Several people have sent me this link and it is also covered at SexOffenderResearch. This is the story:
A convicted rapist fired from his job at a McDonald's after a woman told management he was a registered sex offender is suing the restaurant's owner and the woman, claiming information about him on the state's Sex Offender Registry Board was misused.
Scott Gagnon, 50, of Tewksbury, claims in his suit filed Monday in Middlesex Superior Court that Andrea Quinn of Tewksbury violated language on the board's Web site that says information on sex offenders cannot be used "to commit a crime or to engage in illegal discrimination or harassments of an offender." Doing so could result in jail time or a fine.
Gagnon was released just over a year ago after spending 27 years in prison following his guilty plea to multiple counts of rape. He is suing Quinn for alleged emotional distress and invasion of privacy, and suing McDonald's for alleged breach of contract.
He is classified as a Level 3 sex offender, considered the most likely to re-offend.
The lawsuit seeks a jury trial and unspecified damages.
"What Ms. Quinn did was completely contrary to the rules and regulations of the Sex Offender Registry Board, and in fact we assert that what she did was a crime," said Gagnon's lawyer, William Korman.
Even if his allegations are true, I don't think Gagnon's civil suit will succeed. However, I think his argument, which has been made before, that using the registry for discrimination or harassment is a crime is an interesting one. If it is technically true that using the registry in that manner is a crime, I haven't seen a lot of prosecutors willing to prosecute for it.
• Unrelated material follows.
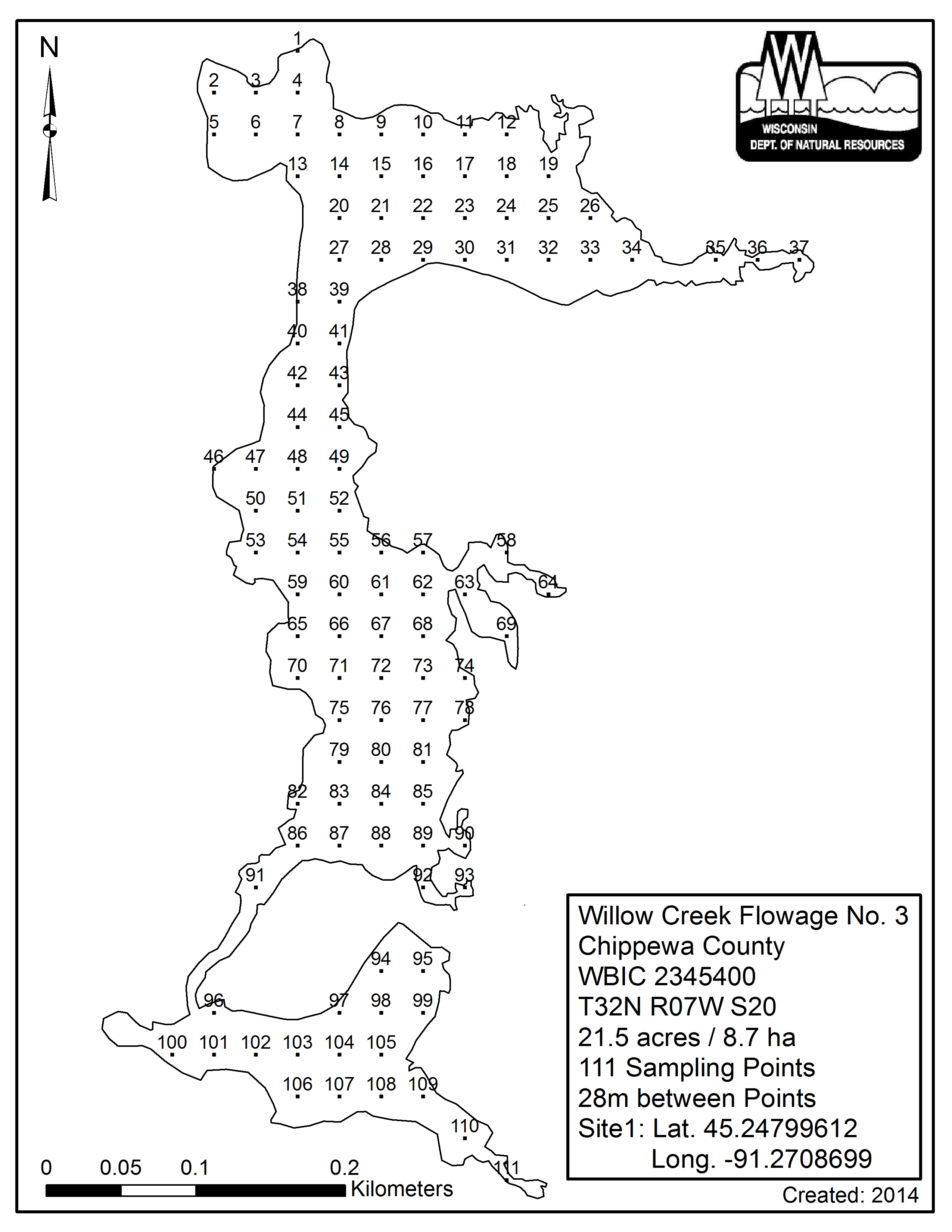 Willow Creek Flowage No. 3, Chippewa County - Aquatic Plant Sampling Map (28 mpts)

This is another example of private actors supplementing official government restrictions on sex offenders. Courts are going to have to start paying attention to how so-called "non-punitive" laws are having very punitive effects in the real world.

"Courts are going to have to start paying attention to how so-called "non-punitive" laws are having very punitive effects in the real world."
Past SCOTUS rulings held there was no evidence the consequences of community notification (loss of home or job) would be any worse than the consequences of routine background checks. Using that phrasing, lower courts have almost limitless latitude in the amount of "punitive" consequences they can dismiss as not-worse-than.
After hearing one court say any citizen's ability to live in one's own home is subject to State determination, another court say requiring a free citizen to appear before law enforcement eight times a year is no different than requiring a free citizen to mail in a form once a year, and yet another court say the State has the power regulate citizens with "distinguishing characteristics" if it so chooses--all to uphold existing sex offender laws--I don't have much hope in a lower court deeming much of anything "punitive."
Posted by: Ilah | April 02, 2008 at 10:56 AM
A similar suit was dismissed in California I'm pretty sure but can't find it. However, there is this Opinion by the California AG that asks...
"Does the prohibition against the unauthorized use of registered sex offender identifying information obtained from the California “Megan’s Law” Web site qualify registered sex offenders as a “protected class” for purposes of housing discrimination under the Fair Employment and Housing Act?"